In [9]:
import requests
from bs4 import BeautifulSoup
import pandas as pd

In [4]:


def scrape_headhunter(search_query="программист", pages=1):
    base_url = "https://hh.ru/search/vacancy"
    headers = {
        "User-Agent": "Mozilla/5.0 (Windows NT 10.0; Win64; x64) AppleWebKit/537.36 (KHTML, like Gecko) Chrome/115.0.0.0 Safari/537.36"
    }
    vacancies = []

    for page in range(pages):
        params = {
            "text": search_query,
            "page": page
        }
        response = requests.get(base_url, headers=headers, params=params)
        if response.status_code != 200:
            print(f"Ошибка {response.status_code} при запросе страницы {page}")
            continue

        soup = BeautifulSoup(response.text, "html.parser")
        vacancy_cards = soup.find_all("div", class_="vacancy-serp-item")

        for card in vacancy_cards:
            title_tag = card.find("a", class_="serp-item__title")
            title = title_tag.text.strip() if title_tag else None
            link = title_tag["href"] if title_tag else None

            salary_tag = card.find("span", class_="bloko-header-section-3")
            salary = salary_tag.text.strip() if salary_tag else None

            company_tag = card.find("a", class_="bloko-link bloko-link_kind-tertiary")
            company = company_tag.text.strip() if company_tag else None

            city_tag = card.find("div", {"data-qa": "vacancy-serp__vacancy-address"})
            city = city_tag.text.strip() if city_tag else None

            experience_tag = card.find("div", {"data-qa": "vacancy-serp__vacancy-work-experience"})
            experience = experience_tag.text.strip() if experience_tag else None

            remote = "удаленная работа" in card.text.lower()

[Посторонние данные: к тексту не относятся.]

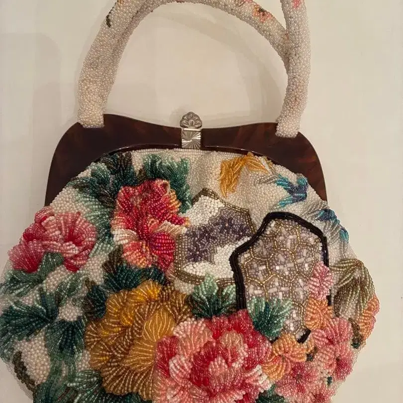 화려한 꽃무늬 비즈 자수의 일본 의류용 백. 가로 길이 약 20cm 세로 손잡이 아래부터 약 17cm
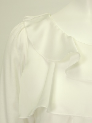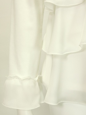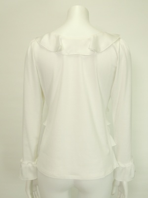ストレッチの効いたカットソーの前身頃と袖口に異素材(ポリエスレル)のフリルを付けています。
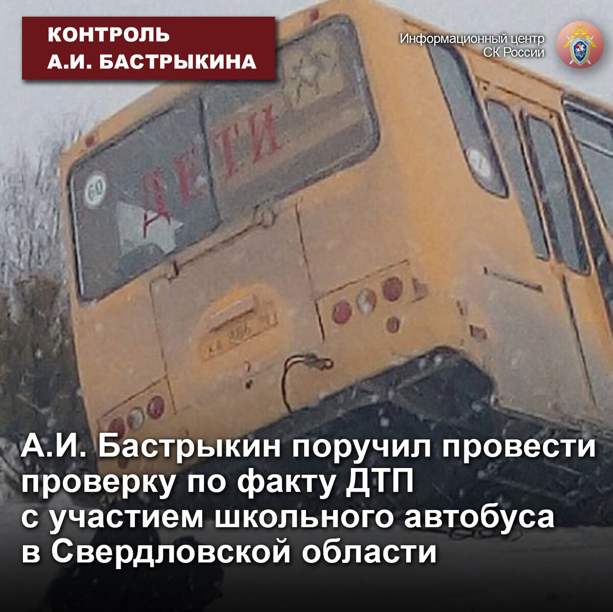 В СМИ сообщается о произошедшем 6 февраля текущего года в Туринском районе Свердловской области ДТП с участием школьного автобуса, в котором находилось 18 детей. На автодороге водитель не справился с управлением транспортным средством, допустил его съезд в кювет и опрокидывание.
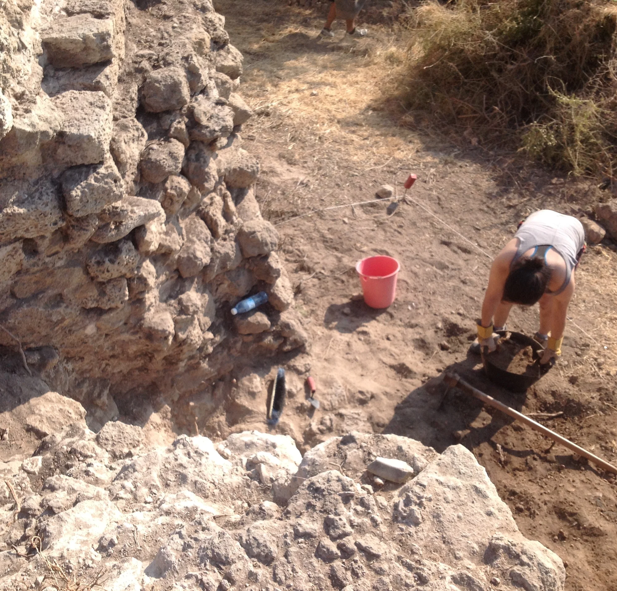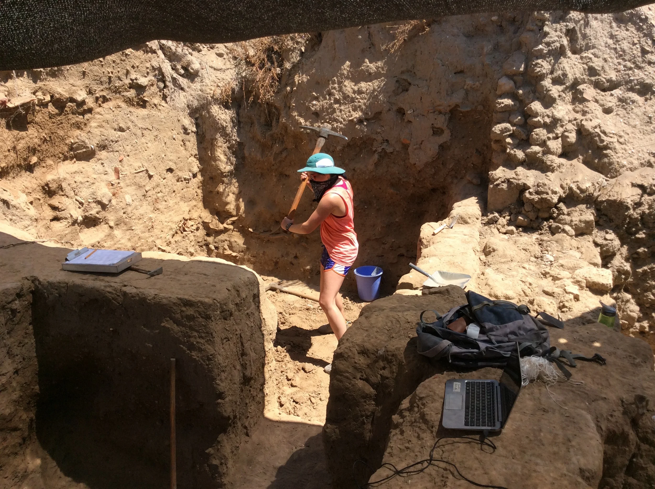 The wall removal in Grid 51 has already started. Below, Mackenzie works on removing a Phase 6 (Persian) mudbrick wall.
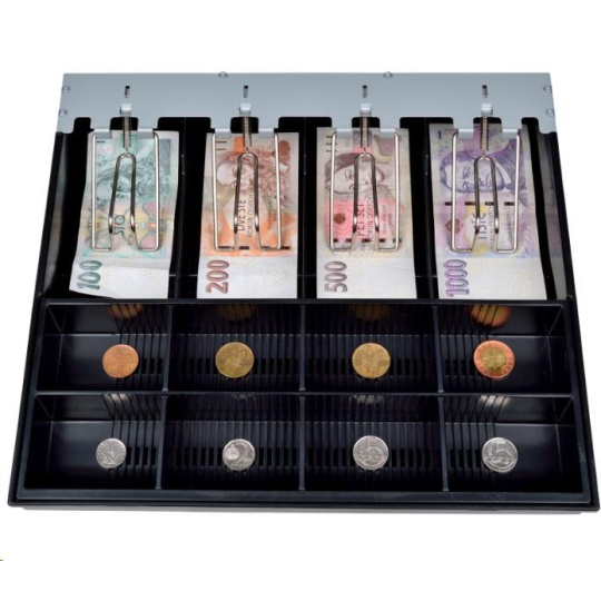 | Prihrádky | 4× na bankovky 8× na mince - vyberateľný mincovník |
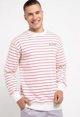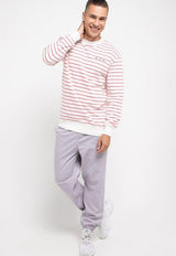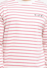 Third Day MO186 sweater casual pria dakir katakana stripe putih pink
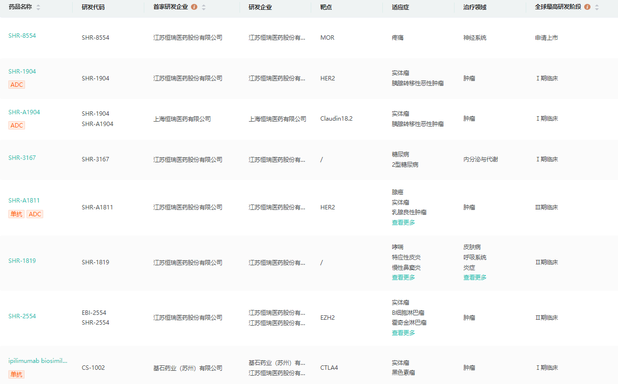 恒瑞医药研发管线(部分)

            vacancies.append({
                "Название вакансии": title,
                "Мин ЗП": None,
                "Макс ЗП": None,
                "Зарплата (строка)": salary,
                "Компания": company,
                "Город": city,
                "Мин опыт работы": experience,
                "Удаленная работа": remote,
                "Ссылка": link
            })

    return pd.DataFrame(vacancies)

# Скрапим данные и сохраняем в CSV
data = scrape_headhunter(pages=2)


In [5]:
data

In [7]:
def get_url_page(page: int) -> str:
    return f"https://bishkek.headhunter.kg/search/vacancy?resume=056a0788ff0e1708f00039ed1f4e4b64466153&page={page}&searchSessionId=5485e1b6-490f-4c2c-be2e-7a01be3e2f98"

In [41]:
headers = {
    "User-Agent": "Mozilla/5.0 (Windows NT 10.0; Win64; x64) AppleWebKit/537.36 (KHTML, like Gecko) Chrome/115.0.0.0 Safari/537.36"
}
url = get_url_page(1)
response = requests.get(url, headers=headers).text
soup = BeautifulSoup(response, 'html.parser')

In [None]:
import re

def extract_min_experience(experience_str):
    
    if "без опыта" in experience_str.lower():
        return 0

    match = re.search(r"(\d+)-(\d+)", experience_str)
    if match:
        return int(match.group(1))
    
    match_more_than = re.search(r"более (\d+)", experience_str)
    if match_more_than:
        return int(match_more_than.group(1)) 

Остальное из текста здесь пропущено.